Legumes (including beans, lentils, peas, soybeans, or edamame) are quite rich in plant-based protein. 

  • Nuts and seeds

This protein-rich category includes almonds, cashews, hazelnuts, pistachios, pecans, hemp seeds, pumpkin seeds, sunflower seeds, sesame seeds, chia seeds, and flax seeds. 

  • Whole grains

Whole grains like teff, wheat, rice, quinoa, millet, oats, kamut, or buckwheat are quite high in protein content. 

  • Animal protein

Animals are another great source of protein, if you happen to eat them. Poultry (chicken, duck, or turkey) and seafood (fish, mollusks, or crustaceans) are typically the healthiest choice, but red meats are also decent options for protein intake (like beef, pork, veal, lamb, goat, or mutton). Processed meats should always be avoided – like bacon, hot dogs, sausage, or cold cuts. 

Micronutrients

DNA analysis nutrition might help you have a better understanding of micronutrients, and which ones make the most sense for you to prioritize. Because the body requires them in smaller amounts, micronutrients often get overlooked.

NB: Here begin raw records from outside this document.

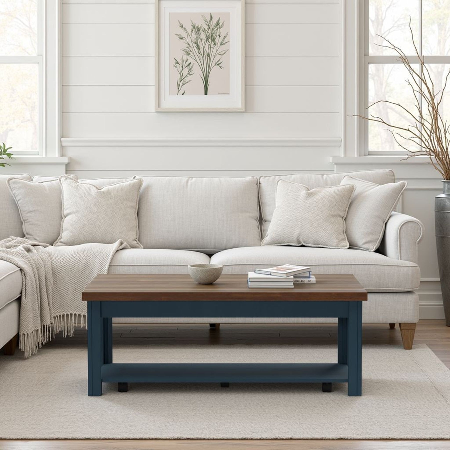 Nantucket - Chairside Table Wooden - Blue Denim, Whiskey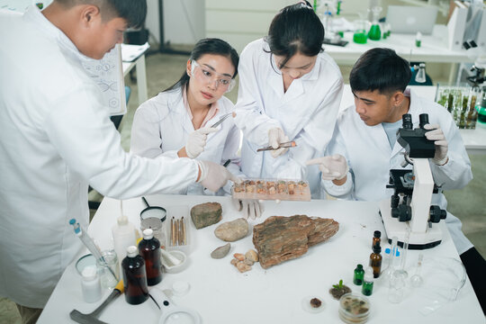 Geology researchers analyze various types of rocks and minerals in a laboratory setting, focusing on the classification of geological samples for energy resources and academic scientific purposes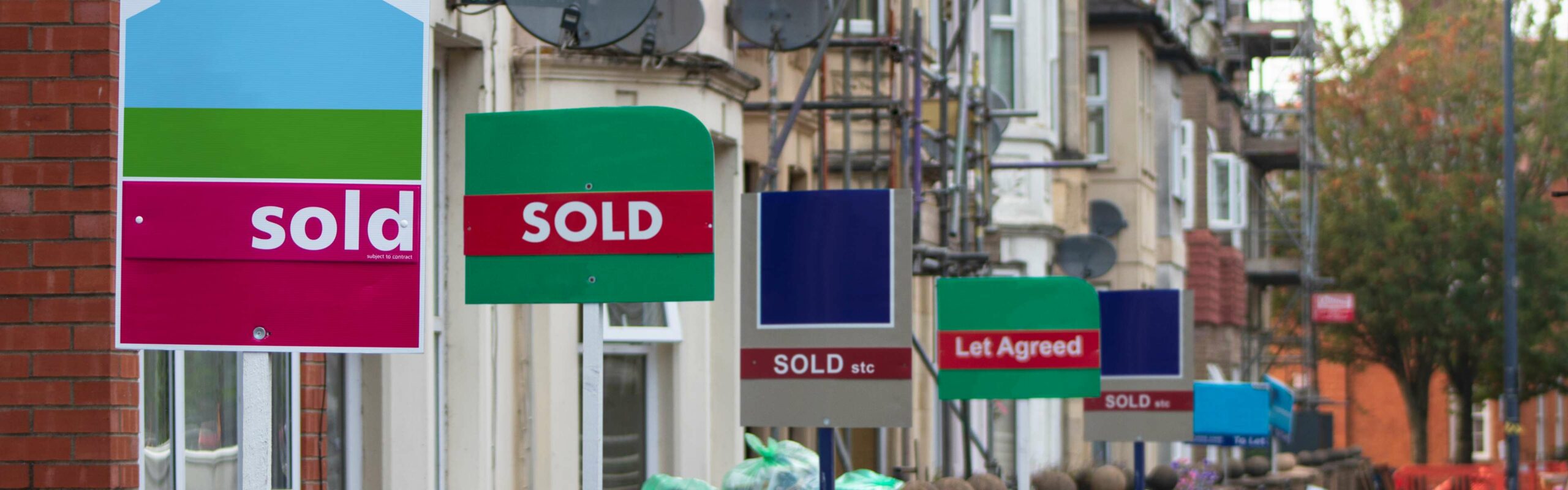A row of houses with different colored real estate signs displaying “SOLD” and “Let Agreed” posted in front. Joint agents and professional service Providers manage these homes, lined with satellite dishes in a bustling urban neighborhood. Trees and a street are visible in the background.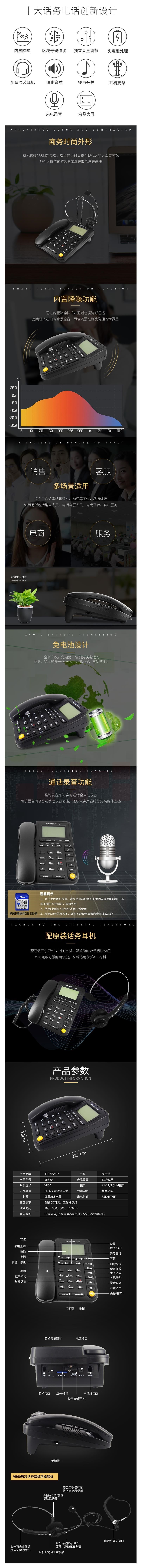 亚尔亚(YEY)VE820 SD卡录音耳机电话机 办公 通话自动双向录音 货号:TXH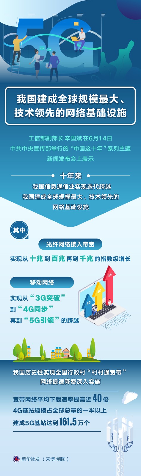 工信部副部長(zhǎng)辛國(guó)斌在6月14日中共中央宣傳部舉行的“中國(guó)這十年”系列主題新聞發(fā)布會(huì)上表示,十年來(lái),我國(guó)信息通信業(yè)實(shí)現(xiàn)迭代跨越,建成全球規(guī)模最大、技術(shù)領(lǐng)先的網(wǎng)絡(luò)基礎(chǔ)設(shè)施。其中,光纖網(wǎng)絡(luò)接入帶寬實(shí)現(xiàn)從十兆到百兆再到千兆的指數(shù)級(jí)增長(zhǎng),移動(dòng)網(wǎng)絡(luò)實(shí)現(xiàn)從“3G突破”到“4G同步”再到“5G引領(lǐng)”的跨越。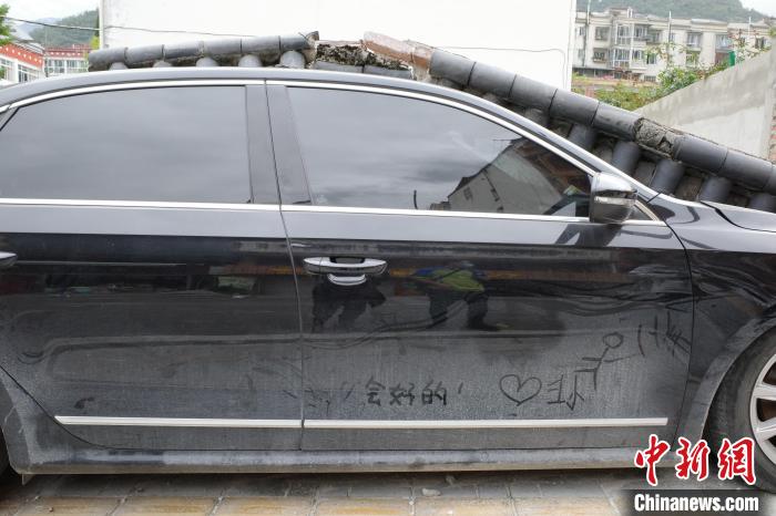 這座繁華小鎮(zhèn),往日的熱鬧與此時(shí)的寂靜對(duì)比鮮明,這是大自然的威力。不過(guò),街頭的蛛絲馬跡顯露著當(dāng)?shù)厝说臉?lè)觀。磨西鎮(zhèn)街邊,一輛黑色轎車(chē)被倒塌的圍墻壓癟了一半,有人在車(chē)門(mén)上寫(xiě)了三個(gè)字——“會(huì)好的!”

As a result, many people suffer from micronutrient deficiencies, which leaves them more susceptible to disease or illness. To enjoy a balanced lifestyle, you’ll want to make sure you strike a good balance of vitamins and minerals to accompany your macronutrient requirements. You can usually get all of the vitamins and minerals you need from your everyday diet, but in some cases you might need to take supplements if you’re suffering from some sort of deficiency. 

  • Vitamins

Vitamins are organic substances that either fall under the category “fat-soluble” or “water-soluble.” Fat-soluble vitamins include vitamins A, D, E, and K. Water-soluble vitamins include vitamins C and B-complex.

  • Minerals

Minerals are found in soil or water: inorganic elements that are absorbed by plants or consumed by animals. This includes calcium, potassium, sodium, copper, iodine, zinc, and more.